#### RECORDS PROVIDED

========

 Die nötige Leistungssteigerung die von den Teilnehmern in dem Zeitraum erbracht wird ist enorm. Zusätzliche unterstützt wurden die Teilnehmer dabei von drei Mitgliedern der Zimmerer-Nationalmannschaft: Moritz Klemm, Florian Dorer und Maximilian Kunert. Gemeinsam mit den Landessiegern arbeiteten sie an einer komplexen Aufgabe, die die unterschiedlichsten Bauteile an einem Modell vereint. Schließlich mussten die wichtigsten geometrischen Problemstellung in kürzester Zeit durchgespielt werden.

========

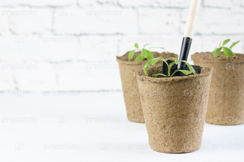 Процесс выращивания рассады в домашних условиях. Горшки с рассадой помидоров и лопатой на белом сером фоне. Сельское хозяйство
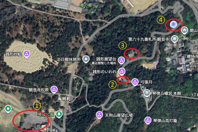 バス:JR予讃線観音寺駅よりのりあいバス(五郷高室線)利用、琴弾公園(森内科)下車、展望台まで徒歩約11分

========

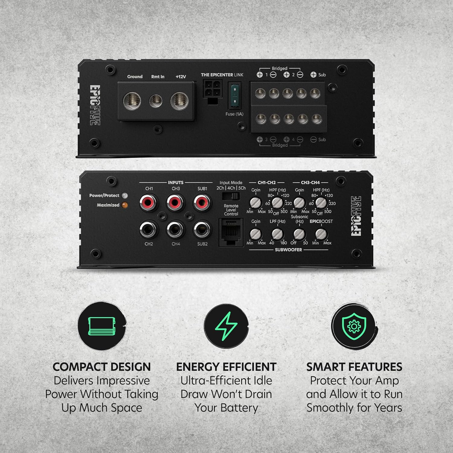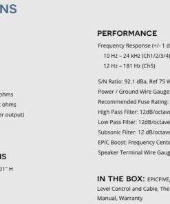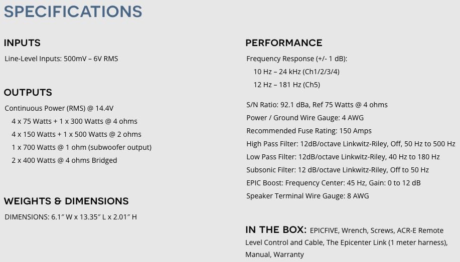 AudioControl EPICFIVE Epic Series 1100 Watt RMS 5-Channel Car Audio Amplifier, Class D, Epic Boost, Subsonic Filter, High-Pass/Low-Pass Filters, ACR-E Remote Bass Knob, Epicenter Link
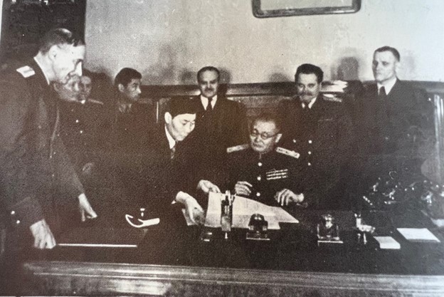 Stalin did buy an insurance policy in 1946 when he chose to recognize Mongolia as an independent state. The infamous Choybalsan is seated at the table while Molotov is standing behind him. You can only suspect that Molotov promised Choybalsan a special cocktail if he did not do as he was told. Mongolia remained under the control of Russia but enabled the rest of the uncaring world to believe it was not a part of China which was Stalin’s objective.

========

#### TRY IT
From the material above, reproduce only what runs from the line holding "Процесс выращивания рассады" down to the line holding "バス:JR予讃線観音寺駅より", both included, pictures excluded.

#### RESPONSE TO THE EXERCISE
 Процесс выращивания рассады в домашних условиях. Горшки с рассадой помидоров и лопатой на белом сером фоне. Сельское хозяйство
 バス:JR予讃線観音寺駅よりのりあいバス(五郷高室線)利用、琴弾公園(森内科)下車、展望台まで徒歩約11分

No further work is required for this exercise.